New Exhibit Honors Virginia Film Festival

October 30, 2008 — In honor of the 21st annual Virginia Film Festival (Oct. 30- Nov. 2), the University of Virginia Library announces the opening of a new exhibition, "Adaptation: Translating the Novel into Film," curated by Margaret Hrabe.

The development of the motion picture as an entertainment form produced a lucrative collaboration between the arts of literature and film.  Once film emerged as a means of telling a story, it was inevitable that the novel would become a prime source for motion picture adaptation. Early 20th-century film director D. W. Griffith once said: "The task I'm trying to achieve is above all to make you see."  Film makers have pursued the challenge to make us see by attempting to transform the visual image in the reader's mind into the sights and sounds of the silver screen. Titles featured in the exhibition include The Red Badge of Courage, Ben-Hur, Uncle Tom's Cabin, Gentlemen Prefer Blondes, The Sun Also Rises, and Of Mice and Men.

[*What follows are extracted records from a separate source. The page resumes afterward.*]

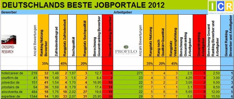 Hotelcareer konnte sich quasi in einem Fotofinish den ersten Platz vor YourFirm sichern. Bei den Bewerbern lag Hotelcareer noch hinter YourFirm, bei den Kriterien Suchqualität und Zufriedenheit gaben sich die beiden nichts. Auf der Arbeitgeberbeurteilung lagen die beiden auch eng beieinander, aber am Ende reichte es knapp für Hotelcareer. Jobvector, auf Platz drei, mußte in der Gesamtwertung der Bewerber einen deutlichen Abstand zu den beiden Erstplatzierten hinnehmen, bei den Arbeitgebernbewertungen brauchte sich Jobvector nicht zu verstecken. Ein zweiter Platz bei den Arbeitgebern sichert Jobvector den 3. Platz.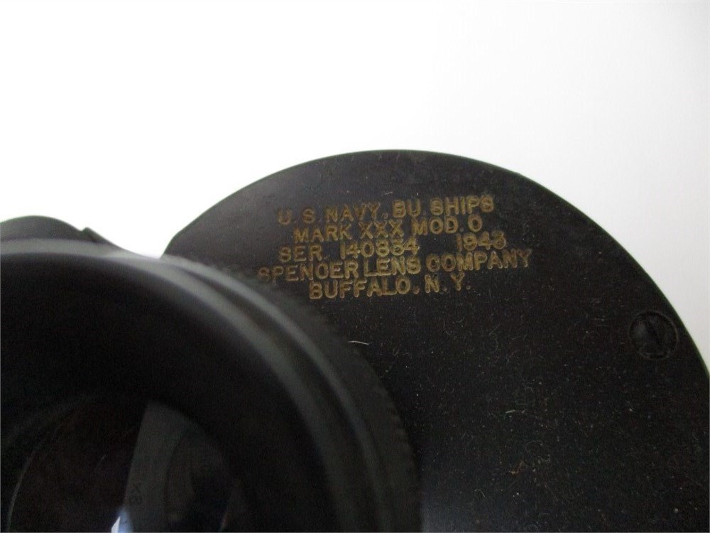 A pair of Vintage, 1943, US NAVY, BU. SHIPS, MARK XXX, MOD.0, 7x50 Spencer Lens Co. No case. Nice pair with normal age related wear.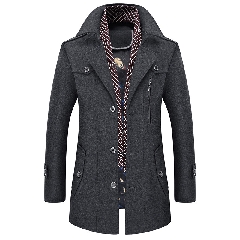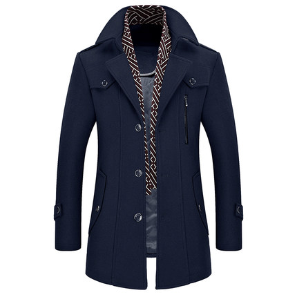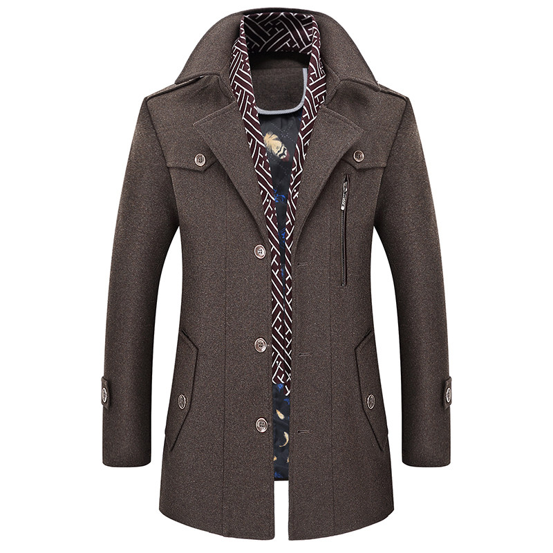 冬季羊毛呢大衣男装中长款加厚加棉修身款中青年呢子风衣休闲外套
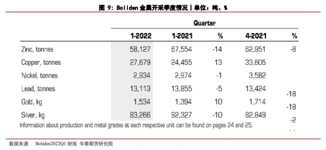 Boliden2022年一季度开采锌矿58127吨,环比下降14%,同比减少8%。主要原因是Garpenberg和Tara的精矿产量有所下降。前者受到对矿道和矿井提升机的维护的影响,而后者因为去年11月大量水流入矿中,影响生产,预计将持续影响到二季度的生产。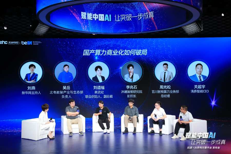 在AI芯片国产化进程加速的当下,如何促进应用生态优化升级,增强适配能力,让国产芯片商业化应用“落地有声”?在圆桌讨论环节,北电数智产业与生态部负责人吴岳,寒武纪联合创始人、副总裁刘道福,沐曦智能研究院副院长李兆石,百川智能算力业务部总经理周光松,清昴智能CEO关超宇等多位嘉宾围绕“国产芯片商业化如何破局”主题分享各自思考。

The exhibition is on display until February 2009 in the barrel-vaulted hallway on the first floor of the Albert & Shirley Small Special Collections Library and the Mary and David Harrison Institute for American History, Literature, and Culture.

Film Festival Fellow Hamid Naficy will give the Virginia Film Festival's keynote speech, "From Accented Cinema towards Multiplex Cinema," in the Auditorium of the Harrison Institute/Small Special Collections Library tomorrow, Thursday, Oct. 30, at 4 p.m. The event is free and open to the public.